Впрочем, один фильм на Берлинале-2019 я видел.

 

***

 

Проза Музиля капризна. Уклончива и непредсказуема в своем движении, почти безразлична к причинно-следственным линиям фабулы. И всё же уравновешена внутри самой себя, подобно статуе или фонтану. Она в каждом предложении то ли шутливо, то ли в испуге замирает на краю беспредметности. В самом парадоксальном абзаце новеллы «Португалка», в разгар лихорадки одного из главных героев, барона фон Кеттена, несколько слов покидают тело персонажа и звучат уже откуда-то извне человеческой, авторской точки зрения. Мы наблюдаем за бароном и склонившейся над ним супругой неизвестно откуда, даже не с позиции сверхъестественного духа, ведь слова проговаривают, что не являются «слабой душой барона».

В подобной магии Музиля едва ли есть доля экзальтации или мистики. Он попросту рассказывает о людях и вещах, что сами устремлены к чему-то, имени чего они не знают, ко «всему остальному», тому, что помимо их социальных, фаталистических или духовных обстоятельств жизни. Наивная и воздушная супруга барона, португалка, одиннадцать лет ждущая своего мужа в его неуютном старом замке, обречена на пустое времяпрепровождение. А фон Кеттен, по примеру героических предков посвятивший себя локальной войне, каждый день своего многолетнего похода смутно ощущает тягу к «безымянной красоте».
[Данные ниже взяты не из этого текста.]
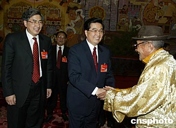 在認真聽取代表的發言后,胡錦濤首先表示完全贊成溫家寶總理代表國務院作的《政府工作報告》。
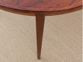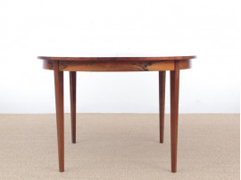 Table de repas scandinave ronde en palissandre de Rio à 1 rallonge 6/6 pers.

Но и таинственная красота без имени, и время без содержания – не плод романтической фантазии, а нечто материальное. В том смысле, в каком материален звук или свет, упавший на киноэкран. Хотя его присутствие и невозможно выразить конкретной фразой: «Невозможно было бы описать все это уродство человеку, знакомому только с пляской морских волн». Так иронично описывая место действия, Музиль сразу же сознается в неспособности подать предмет своего повествования прямо, но все же намекает, что таинственное присутствие запрятано в его прозе где-то между видением и слепотой. Любопытно, что той же шуткой Музиль отворяет свой главный роман, «Человек без свойств», начиная его со скрупулезного перечисления уличных звуков имперской Вены и указывая на то, сколь разным шумом наделен каждый город, вдруг прибавляя – «хотя особенность его описанию не поддается».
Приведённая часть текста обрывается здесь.